Re: Allow RegionCoprocessorEnvironment to register custom scanners?

Posted by lars hofhansl <lh...@yahoo.com>.
Hmm...


Here's what I get when I try to wrap a scanner in my own Scanner implementation:


java.io.IOException: InternalScanner implementation is expected to be HRegion.RegionScanner.
        at org.apache.hadoop.hbase.regionserver.HRegionServer.next(HRegionServer.java:2023)
        at sun.reflect.NativeMethodAccessorImpl.invoke0(Native Method)
        at sun.reflect.NativeMethodAccessorImpl.invoke(NativeMethodAccessorImpl.java:57)
        at sun.reflect.DelegatingMethodAccessorImpl.invoke(DelegatingMethodAccessorImpl.java:43)
        at java.lang.reflect.Method.invoke(Method.java:616)
        at org.apache.hadoop.hbase.ipc.WritableRpcEngine$Server.call(WritableRpcEngine.java:314)
        at org.apache.hadoop.hbase.ipc.HBaseServer$Handler.run(HBaseServer.java:1225)


Indeed in HRegionServer.next(...) I see this:
...

    InternalScanner s = this.scanners.get(scannerName);

...

      // Call coprocessor. Get region info from scanner.
      HRegion region = null;
      if (s instanceof HRegion.RegionScanner) {
        HRegion.RegionScanner rs = (HRegion.RegionScanner) s;
        region = getRegion(rs.getRegionName().getRegionName());
      } else {
        throw new IOException("InternalScanner implementation is expected " +
            "to be HRegion.RegionScanner.");
      }

Forcing all scanners created in {pre|post}OpenScanner to be subclasses of RegionScanner is not right.
I see why it's done this way, though (after all only the scanner knows its region).


So I guess either a scanner's region should be stored somewhere else, or there should be a RegionScanner interface that includes:
public HRegionInfo getRegionName();


Here a simple isolates test for this:

public class ScannerTest extends BaseRegionObserver {
    @Override
    public InternalScanner postScannerOpen(final ObserverContext<RegionCoprocessorEnvironment> c,
                                           final Scan scan, final InternalScanner s) throws IOException
    {
        // just wrap the passed scanner
        return new InternalScanner() {
            private InternalScanner del;
            { this.del = s;}
            public boolean next(List<KeyValue> results) throws IOException
            {
                return del.next(results);
            }
            public boolean next(List<KeyValue> result, int limit) throws IOException
            {
                return del.next(result, limit);
            }
            public void close() throws IOException {
                del.close();
            }
        };            
    }

}


-- Lars



________________________________
From: Andrew Purtell <ap...@apache.org>
To: "user@hbase.apache.org" <us...@hbase.apache.org>; lars hofhansl <lh...@yahoo.com>
Sent: Tuesday, August 9, 2011 9:50 AM
Subject: Re: Allow RegionCoprocessorEnvironment to register custom scanners?

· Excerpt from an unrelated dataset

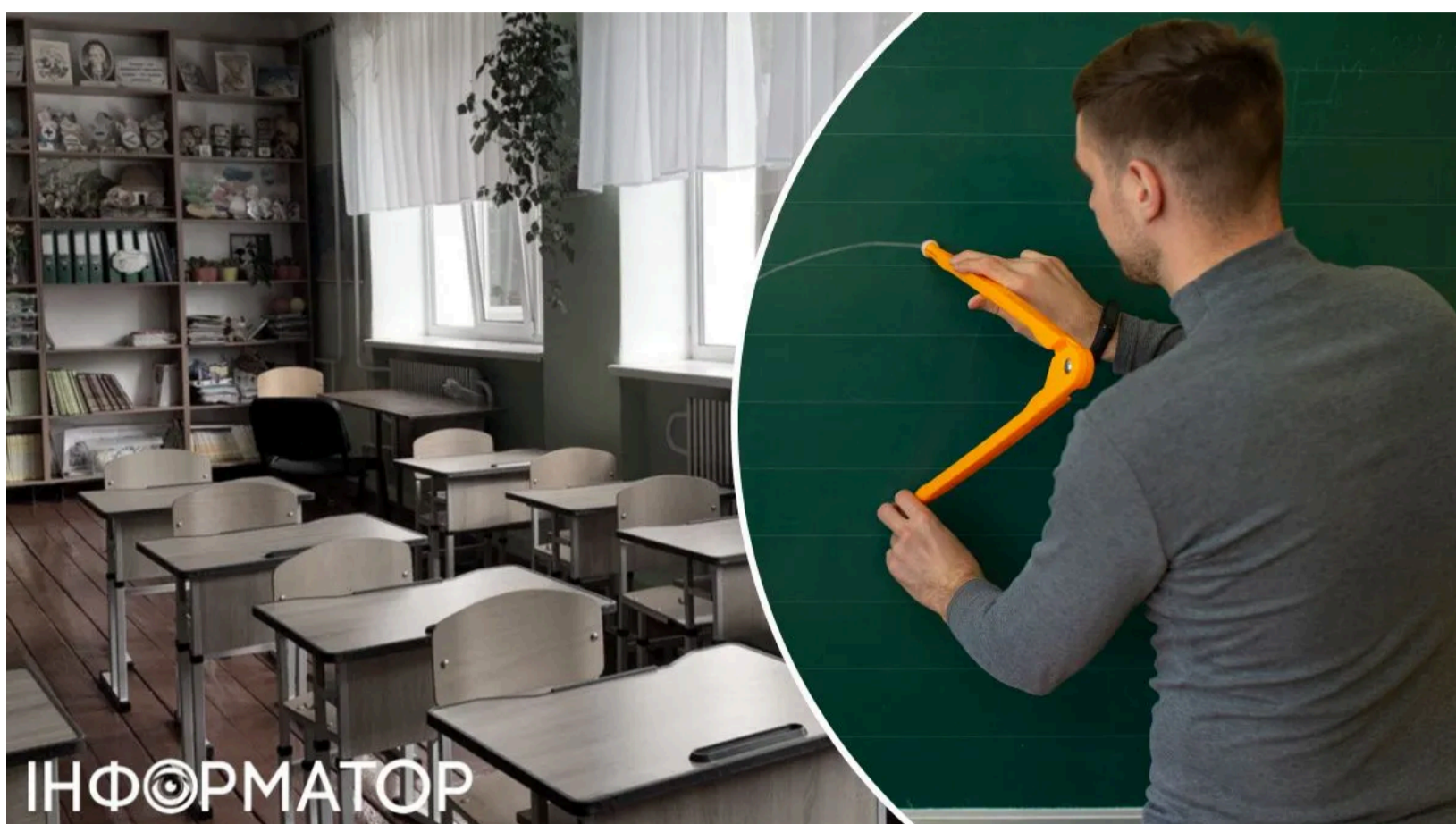
Вчитель-колаборант із Запорізької отримав 10 років.

Суд виніс вирок колишньому вчителю з окупованої частини Запорізької області - чоловіка засудили до 10 років позбавлення волі за колабораційну діяльність. Раніше трьох депутатів-колаборантів із Запорізької області також викрили за поширення пропаганди РФ та роботу в окупаційних структурах. Цей вирок став черговим прикладом того, як українська Феміда притягує до відповідальності тих, хто свідомо обрав бік окупантів. Справу розглянули в порядку спеціального судового розгляду.

Great! I'm glad you have everything you need Lars. If at some point you become stuck because there is indeed some control or API surface missing, please write back!
 
Best regards,


   - Andy

Problems worthy of attack prove their worth by hitting back. - Piet Hein (via Tom White)


----- Original Message -----
> From: lars hofhansl <lh...@yahoo.com>
> To: "user@hbase.apache.org" <us...@hbase.apache.org>; Andrew Purtell <ap...@apache.org>
> Cc: 
> Sent: Monday, August 8, 2011 7:53 PM
> Subject: Re: Allow RegionCoprocessorEnvironment to register custom scanners?
> 
> I see.I just didn't see how you could communicate any information to the 
> server via a Scan, but now I see Scan.setAttribute(...).
> 
> Thanks Andy.
> 
> -- Lars
> 
> 
> 
> ________________________________
> From: Andrew Purtell <ap...@apache.org>
> To: "user@hbase.apache.org" <us...@hbase.apache.org>; lars 
> hofhansl <lh...@yahoo.com>
> Sent: Monday, August 8, 2011 5:50 PM
> Subject: Re: Allow RegionCoprocessorEnvironment to register custom scanners?
> 
> The RegionObserver already wraps all of the scanner operations. 
> RegionObserver.preScannerOpen can create an InternalScanner and return it 
> exactly as you propose with "HRegionServer.addScanner(InternalScanner) 
> ". 
> 
> preScannerOpen takes a Scan object.
> 
> Only if preScannerOpen does not return an InternalScanner will the RegionServer 
> look for a "real" InternalScanner.
> 
> So I don't see what addScanner would buy you.
> 
> Best regards,
> 
> 
>    - Andy
> 
> Problems worthy of attack prove their worth by hitting back. - Piet Hein (via 
> Tom White)
> 
> 
>> ________________________________
>> From: lars hofhansl <lh...@yahoo.com>
>> To: "user@hbase.apache.org" <us...@hbase.apache.org>
>> Sent: Monday, August 8, 2011 5:38 PM
>> Subject: Allow RegionCoprocessorEnvironment to register custom scanners?
>> 
>> Currently coprocessors can't do any streaming operations.
>> 
>> I think that would be a necessary feature to perform long running operations 
> on the server (like scans) that in turn could produce a lot of data.
>> GroupBy type aggregates come to mind, but there are many more cases.
>> 
>> 
>> Somewhere I read about some approach for server side cursors (can't find 
> that discussion now).
>> I think a simpler approach would be allowing a coprocessor to register new 
> InternalScanners that it could implement,
>> and then have some way of accessing the scanner via the normal ClientScanner 
> mechanism.
>> Maybe by just exposing  long HRegionServer.addScanner(InternalScanner) 
> through RegionServerServices.
>> and adding  public ResultScanner getScanner(long scannerId) ... on HTable, 
> and similar on all other clients (I don't know anything about the client 
> beside the HTable Java client).
>> 
>> 
>> Or something similar (just making this up here).
>> 
>> 
>> That way all major parts are already in place (Client Scanners are good in 
> performing caching, the coprocessor could just wrap "real" internal 
> scanners, etc). The problem is just about how to wire up the parts.
>> 
>> 
>> Thoughts? Are questions like this better asked on the dev list?
>> 
>> Thanks.
>> 
>> -- Lars
>> 
>> 
>> 
>

Re: Allow RegionCoprocessorEnvironment to register custom scanners?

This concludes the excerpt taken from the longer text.